A man's death from anaphylactic shock could have been prevented by better communication processes around allergies, and health authorities have been asked to apologise to his family.
The man was treated for an injury while on holiday in 2019 and later died of anaphylaxis, in spite of the allergy being evident in a previous visit within his home DHB, Hutt Valley, three weeks earlier.
He died shortly after being treated intravenously with flucloxacillin.
In a report released today, New Zealand's health system watchdog the Health and Disability Commissioner (HDC) found HVDHB to be in breach the Code of Health and Disability Services Consumers' Rights for inadequate systems to ensure the allergy was recorded on the National Medical Warning System, and flagged with his usual GP.
The Deputy Commissioner heard the man was taken to Hutt Valley DHB by ambulance with a suspected allergic reaction in 2019.
He was discharged with a possible allergy to flucloxacillin, but the information was not recorded on a database, and the level of the detail provided to the man himself is unclear.
The man was on holiday three weeks later when he presented to a different DHB where he was given intravenous flucloxacillin, and sadly died of anaphylactic shock shortly afterwards.
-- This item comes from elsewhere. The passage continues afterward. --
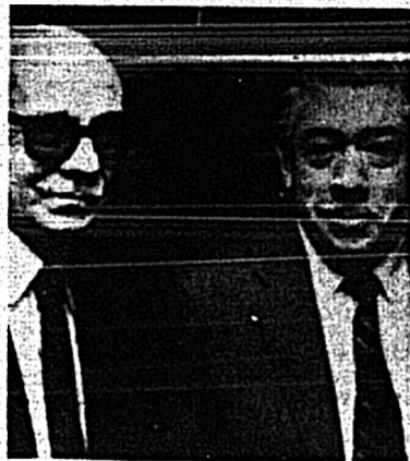
Sabato con Vargas Varreño, el hombre de los derechos humanos de la OEA.

Claro que esos 3.000 casos no son los únicos, porque la Comisión no empezó de cero. En su inicio recibió como denuncias las carpetas de Amnesty Internacional, CLAMOR, Asamblea Permanente de los Derechos Humanos, y el conocido Informe de la Comisión de Derechos Humanos de la OEA. Claro que los detractores de algunas de esas entidades cuestionan también la absoluta veracidad de sus informes, lo que puede seguir dando alre a la polémica. Por el momento la Comisión controla que las denuncias que recibe no estén en ninguno de esos informes sería el de 6.500 desaparecidos, aproximadamente. Eso llevaría el número total

While the man was asked whether he had allergies, he told staff he did not, and there was no alert on the national Medical Warning System of any possible allergies.
Deputy Health and Disability Commissioner Dr Vanessa Caldwell said the National Medical Warning System is designed to warn services of known risk factors that may be important when making clinical decisions about patient care.
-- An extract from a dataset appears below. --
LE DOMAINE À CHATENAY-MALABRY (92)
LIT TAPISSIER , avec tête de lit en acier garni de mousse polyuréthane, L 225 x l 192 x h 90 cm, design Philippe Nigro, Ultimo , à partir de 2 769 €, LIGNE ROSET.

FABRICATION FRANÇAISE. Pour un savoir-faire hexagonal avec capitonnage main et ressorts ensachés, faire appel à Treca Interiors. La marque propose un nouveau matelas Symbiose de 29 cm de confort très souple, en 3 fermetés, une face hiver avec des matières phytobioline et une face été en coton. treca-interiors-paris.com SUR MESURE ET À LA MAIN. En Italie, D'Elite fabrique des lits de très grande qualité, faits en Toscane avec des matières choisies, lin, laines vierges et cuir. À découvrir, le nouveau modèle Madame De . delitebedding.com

"The purpose of the Medical Warning System is to warn health and disability support services of any known risk factors such as allergies that may be important when making clinical decisions about individual patient care," Caldwell said.
"The system has been linked to patient National Health Index numbers so that these alerts can be accessed and viewed throughout New Zealand."
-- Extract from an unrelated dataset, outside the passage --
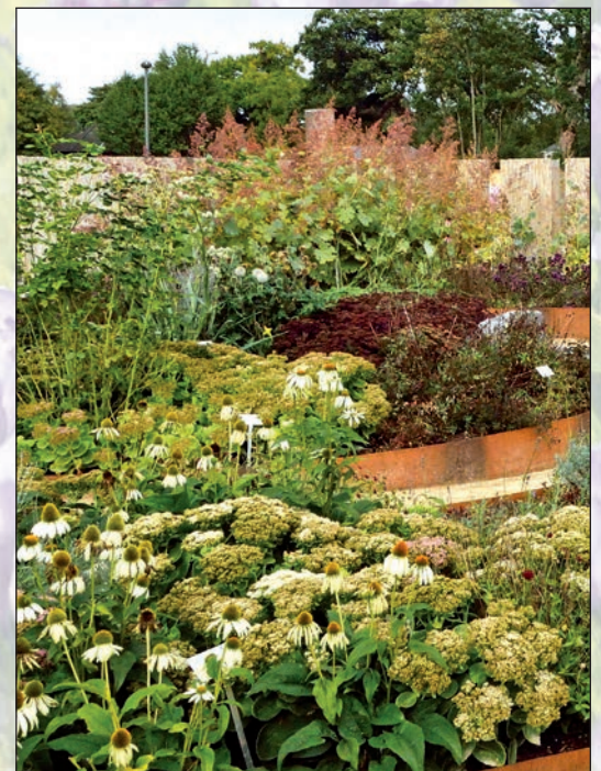
Darauf fliegen Biene & Co: Schein-Sonnenhut (Echinacea) und üppig blühende Fetthenne (Sedum telephium) in verschiedenen rötlichen und graugrünen Blattfarben.

material eingebracht werden kann, ein wertvoller Lebensraum, der mit blühenden Ranken wie etwa

"The responsibility for maintaining the content of the Medical Warning System rests primarily with healthcare providers."
She said there was inconsistency in the way warnings were managed, with each DHB adopting its own processes around what notifications could be added and by whom.
Weaknesses within the national system undoubtedly contributed to this event, she said.
"I nonetheless consider it vital for individual medical centres and DHBs to have their own adequate systems and processes in place for drug and medication allergies, to ensure that staff are supported adequately in their decision-making and reporting requirements."
The Deputy Commissioner found the DHB in breach of Right 4 (5) of the Code for having an inadequate system for ensuring that allergies were recorded and flagged, and for failing to communicate it with the man's usual general practice.
The Deputy Commissioner recommended the DHB develop an "end-to-end" process for the ED and general hospital setting, for when a patient presents with a new drug allergy, and considered designing and implementing a new discharge form.
She also recommended improved education for staff and intermittent audits of the adequacy of the processes.
Hutt Valley was also asked to provide a written apology to the man's family.